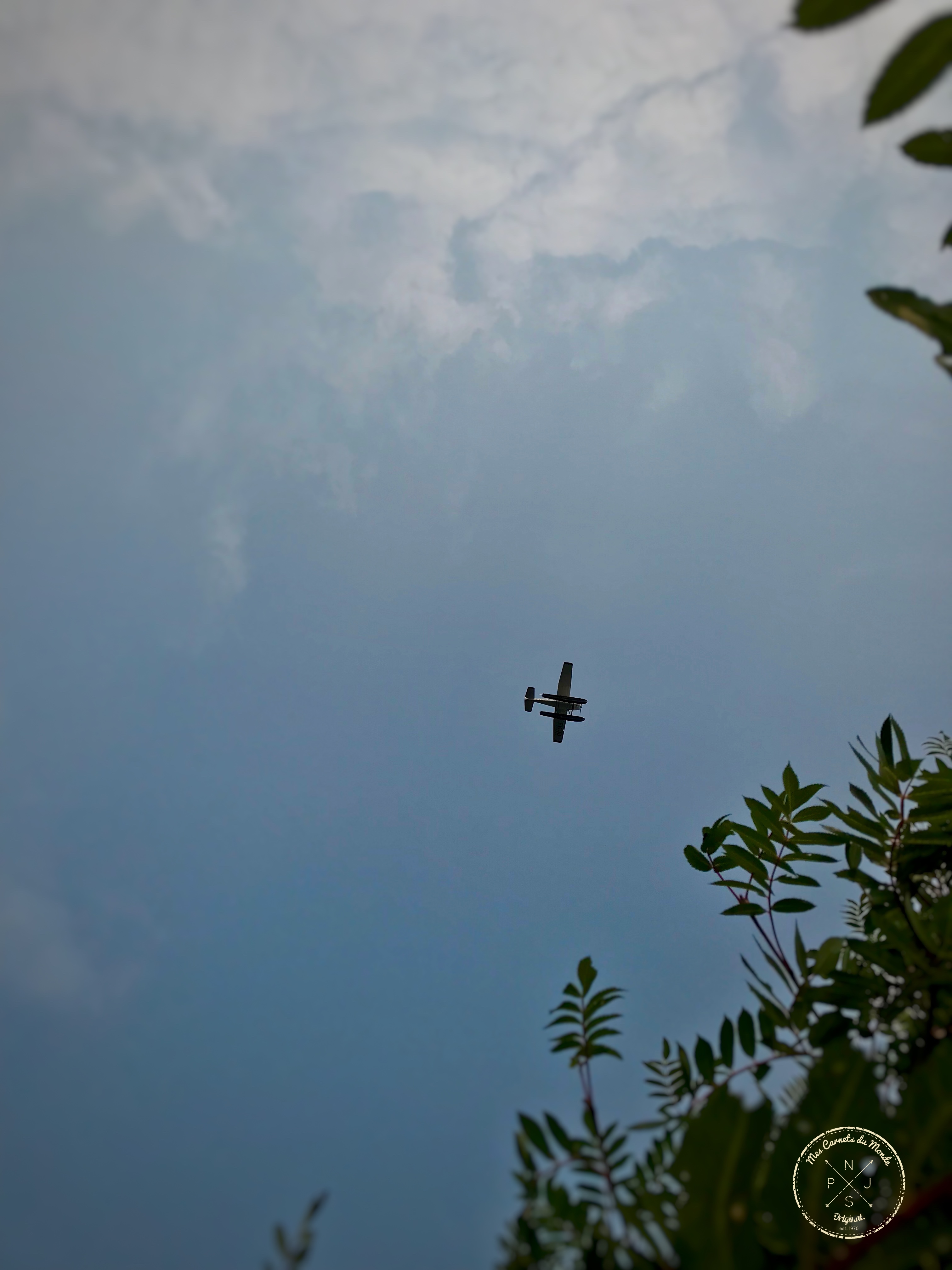 Dans un virage couillu serré face à la montagne de granite, il redresse sa trajectoire, aligne ses flotteurs et les amène doucement, mais sûrement, au contact de l’eau, jusqu’à créer de grandes gerbes d’eau qui ralentissent l’hydravion !
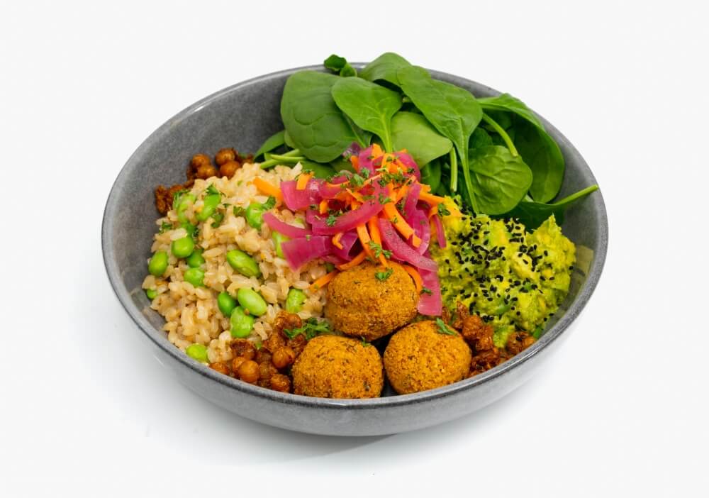 Brown rice, falafel, avo, pickled carrots, edamame beans, & sesame dressing
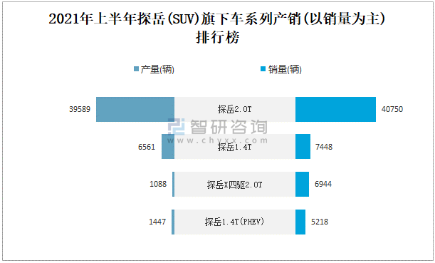 2021年上半年探岳(SUV)旗下車系列產(chǎn)銷(以銷量為主)排行榜
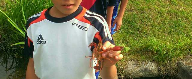 「あのなぁ、あのなぁ、ザリガニをなぁ、つかまえたん」
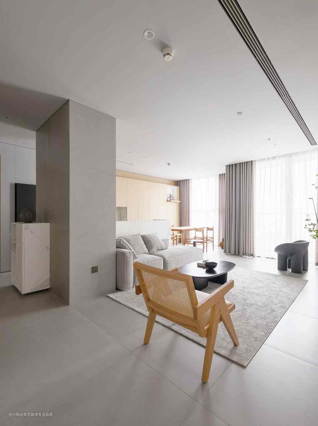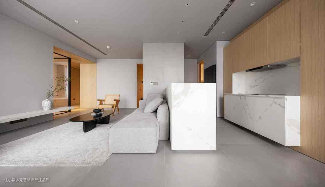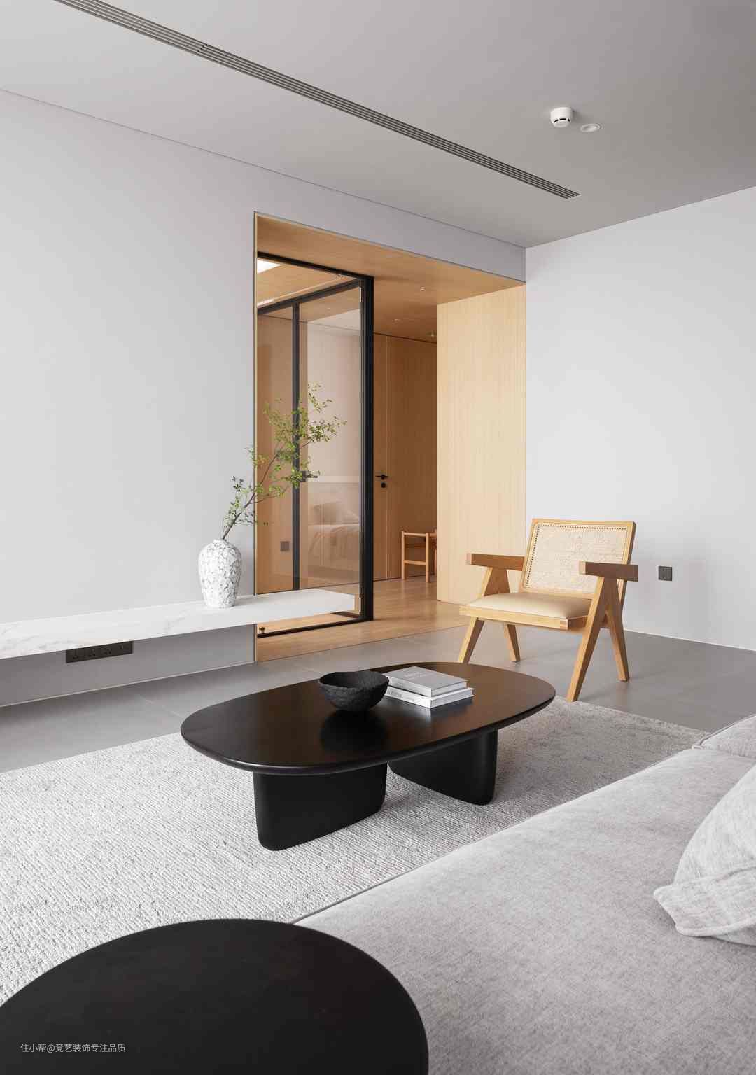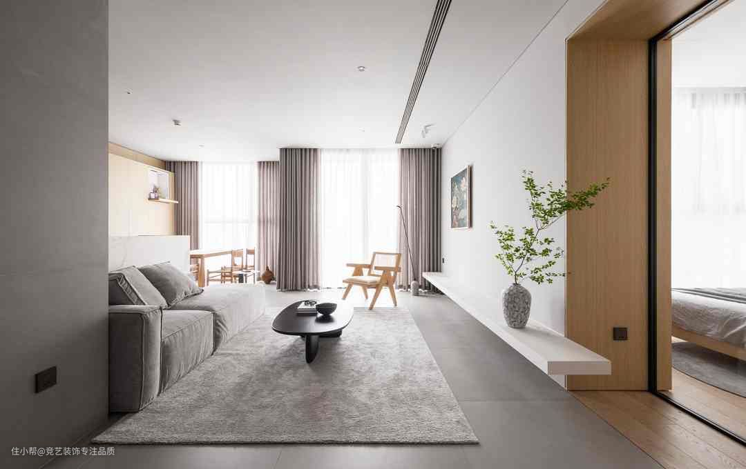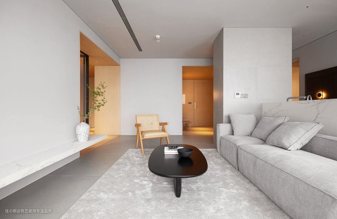 灰色长方形沙发大且软糯可供多人落座,地面铺设同色系地毯,增加地面装饰层次感,其上置放简约黑色茶几给予更大的艺术观感价值一侧置放单人椅,避免空间过于单调同时摆放上书籍点缀空间慵懒随意,去电视+留白高度遵循极简主义,大量的留白最大限度自由巧妙的将空间使用权留给屋主。同时加入绿植点缀,提升空间活力单色调构成保留了黑与白的纯粹

Exercise prompt:
Copy all of the data word for word, and keep the pictures out of it.

Your response:
 Dans un virage couillu serré face à la montagne de granite, il redresse sa trajectoire, aligne ses flotteurs et les amène doucement, mais sûrement, au contact de l’eau, jusqu’à créer de grandes gerbes d’eau qui ralentissent l’hydravion !
 Brown rice, falafel, avo, pickled carrots, edamame beans, & sesame dressing
 2021年上半年探岳(SUV)旗下車系列產(chǎn)銷(以銷量為主)排行榜
 「あのなぁ、あのなぁ、ザリガニをなぁ、つかまえたん」
 灰色长方形沙发大且软糯可供多人落座,地面铺设同色系地毯,增加地面装饰层次感,其上置放简约黑色茶几给予更大的艺术观感价值一侧置放单人椅,避免空间过于单调同时摆放上书籍点缀空间慵懒随意,去电视+留白高度遵循极简主义,大量的留白最大限度自由巧妙的将空间使用权留给屋主。同时加入绿植点缀,提升空间活力单色调构成保留了黑与白的纯粹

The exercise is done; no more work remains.